Thank you for posting this link! I never knew _why_ the paths were what they
were, I could only explain _what_ to expect in each.

------
chalst
I put up an explanation of the difference between /bin, /usr/bin,
/usr/local/bin, and ~/bin, as part of an argument why the "robustness" of
using #!/usr/bin/env $binname vs. hardcoding #!/path/to/binname is not a good
thing:

> The reason that depending on PATH is not considered good practice is that
> the script can make no assumptions about the content of the PATH environment
> variable, breaking the "sequential dependency model" of binaries where

1\. /bin contains the executables needed at boot time;

2\. /usr/bin contains the other executables used by the OS installation;

3\. /usr/local/bin contains executables installed by the system administrator
that are not part of the base OS.

4\. ~/bin contains the user's own executables.

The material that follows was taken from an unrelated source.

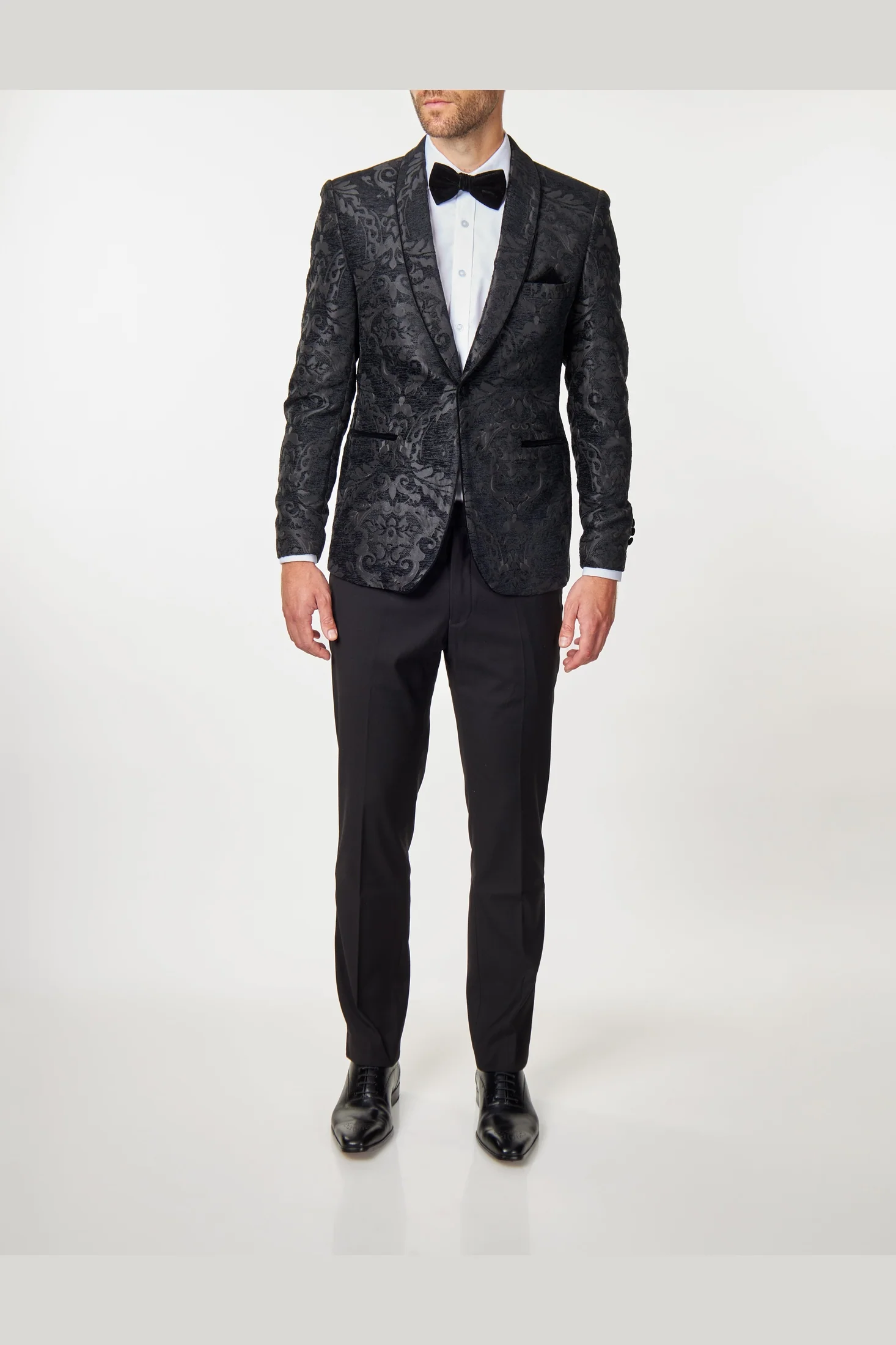 GLEN - Black Floral Foliage Jacquard Tuxedo Jacket
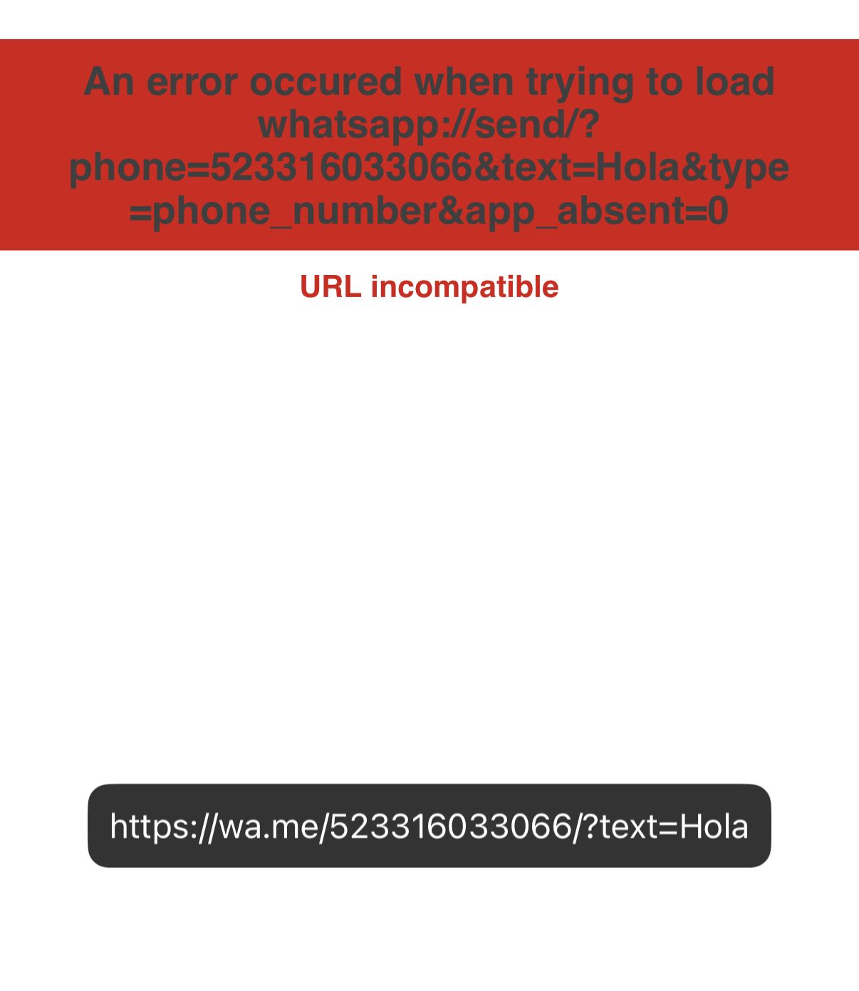 Good afternoon, could you help me learn how to send WhatsApp messages using an iPhone? I've tried several ways. If I open the link momentarily, I see that it works, but it says error.

> Each level should not assume the existence of binaries later in the
> sequence, which are more "application" but may rely on binaries earlier,
> which are more "fundament". And the PATH variable tends to run from
> applicationy to fundamental, which is the opposite direction to the natural
> dependency above.

> To illustrate the problem, ask yourself what happens if a script in ~/bin
> invokes an script in /usr/local/bin that invokes Ruby? Should that script
> depend on the OS installed version at /usr/bin/ruby, or on the personal copy
> the user happens to have at ~/bin/ruby? PATH searching gives the
> unpredictable semantics associated with the latter (maybe ~/bin/ruby is a
> broken symbolic link), while baking in the path to #! gives the former.

On the Unix&Linux SX -
[http://unix.stackexchange.com/a/11917/5197](http://unix.stackexchange.com/a/11917/5197)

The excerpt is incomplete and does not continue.